■ TASK DIRECTIONS ■
Copy out the entries that follow exactly, leaving out the pictures.

■ DATA SECTION ■
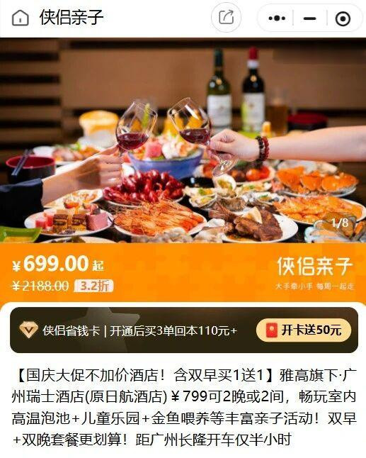 广州瑞士酒店推出国庆大促不加价活动,含双早可享买1送1,799元可住2晚或2间。(图/侠侣亲子平台页面截图)
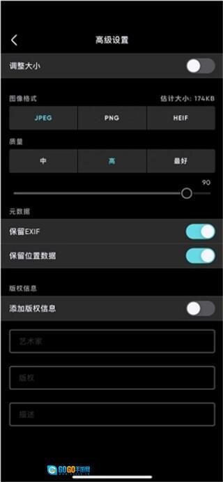 3、进入高级设置界面后,用户能够对照片大小、照片格式、照片质量以及版本信息等内容进行调整,调整完毕返回并再次选择【保存副本】,即可完成照片的保存操作。
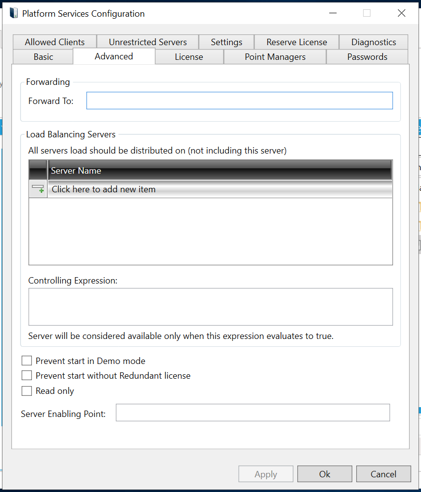 When an expression is entered in this text entry field (and any current changes to Platform Services Configuration are applied), the server will be considered available only when the entered expression evaluates to True.
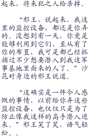 “嗯,这些事情就暂时先不提了。按照邪王你的情况,想必很快就会追杀你的人到来,所以暂时我也不能为你准备美酒接风洗尘什么,就只有等干掉了第一批的追杀者,再好好为你接风了。”沙昆应了一声,接着爽朗一笑。
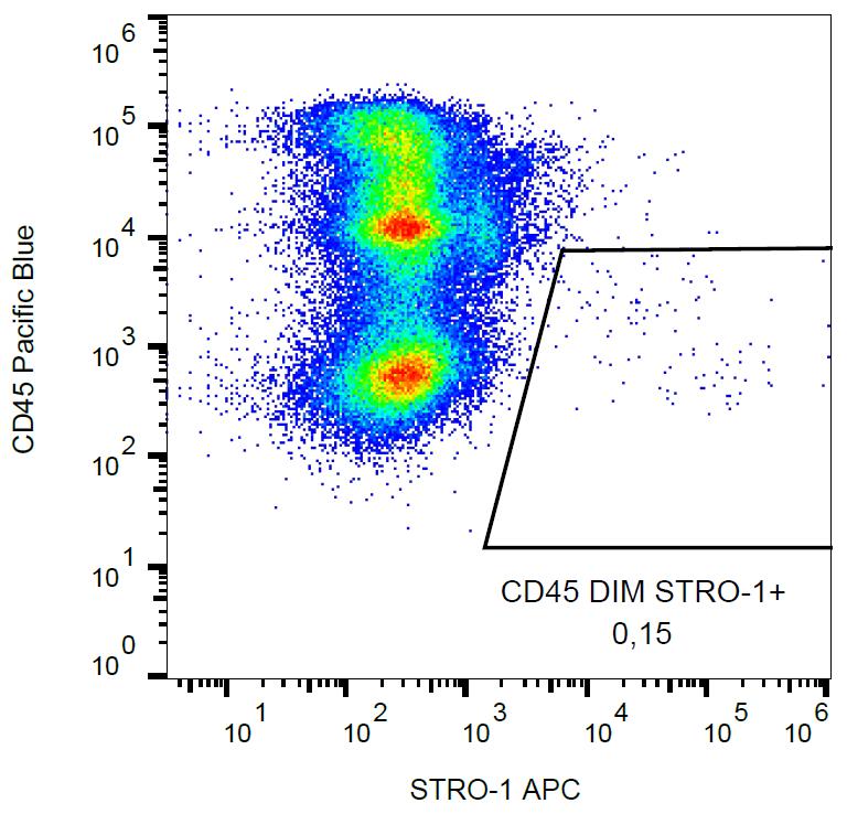 Flow cytometry analysis (surface staining) of human peripheral blood with anti-STRO-1 (STRO-1) APC.
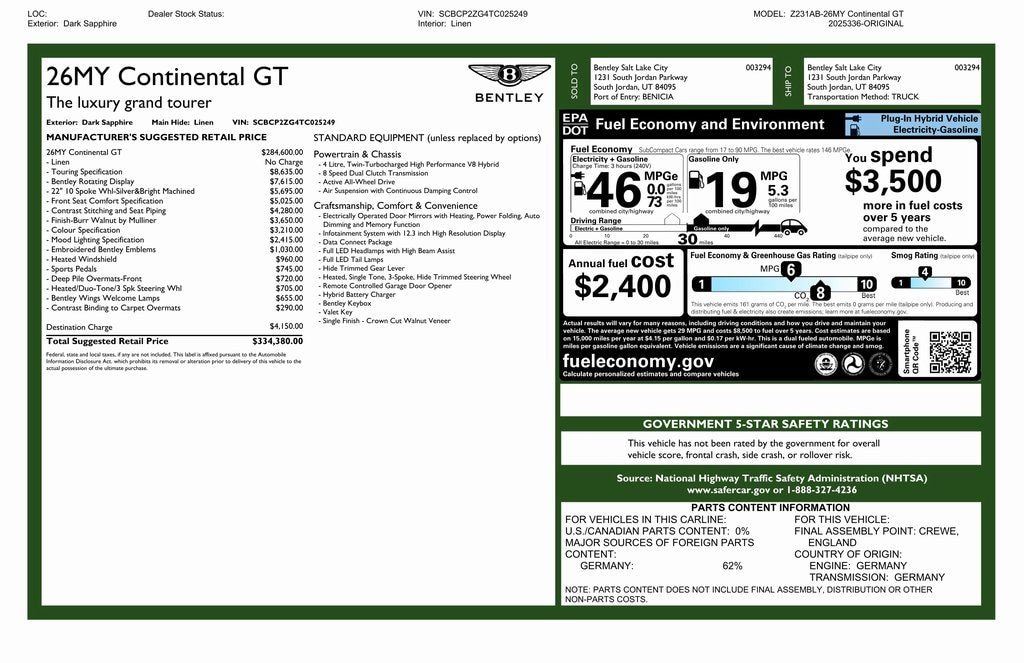 Bentley Salt Lake City presents this 2026 Bentley Continental GT finished in Dark Sapphire with a Linen interior. This next-generation Continental GT combines handcrafted luxury with advanced plug-in hybrid performance, delivering refined grand touring capability with modern efficiency.

■ REPLY TO THE EXERCISE ■
 广州瑞士酒店推出国庆大促不加价活动,含双早可享买1送1,799元可住2晚或2间。(图/侠侣亲子平台页面截图)
 3、进入高级设置界面后,用户能够对照片大小、照片格式、照片质量以及版本信息等内容进行调整,调整完毕返回并再次选择【保存副本】,即可完成照片的保存操作。
 When an expression is entered in this text entry field (and any current changes to Platform Services Configuration are applied), the server will be considered available only when the entered expression evaluates to True.
 “嗯,这些事情就暂时先不提了。按照邪王你的情况,想必很快就会追杀你的人到来,所以暂时我也不能为你准备美酒接风洗尘什么,就只有等干掉了第一批的追杀者,再好好为你接风了。”沙昆应了一声,接着爽朗一笑。
 Flow cytometry analysis (surface staining) of human peripheral blood with anti-STRO-1 (STRO-1) APC.
 Bentley Salt Lake City presents this 2026 Bentley Continental GT finished in Dark Sapphire with a Linen interior. This next-generation Continental GT combines handcrafted luxury with advanced plug-in hybrid performance, delivering refined grand touring capability with modern efficiency.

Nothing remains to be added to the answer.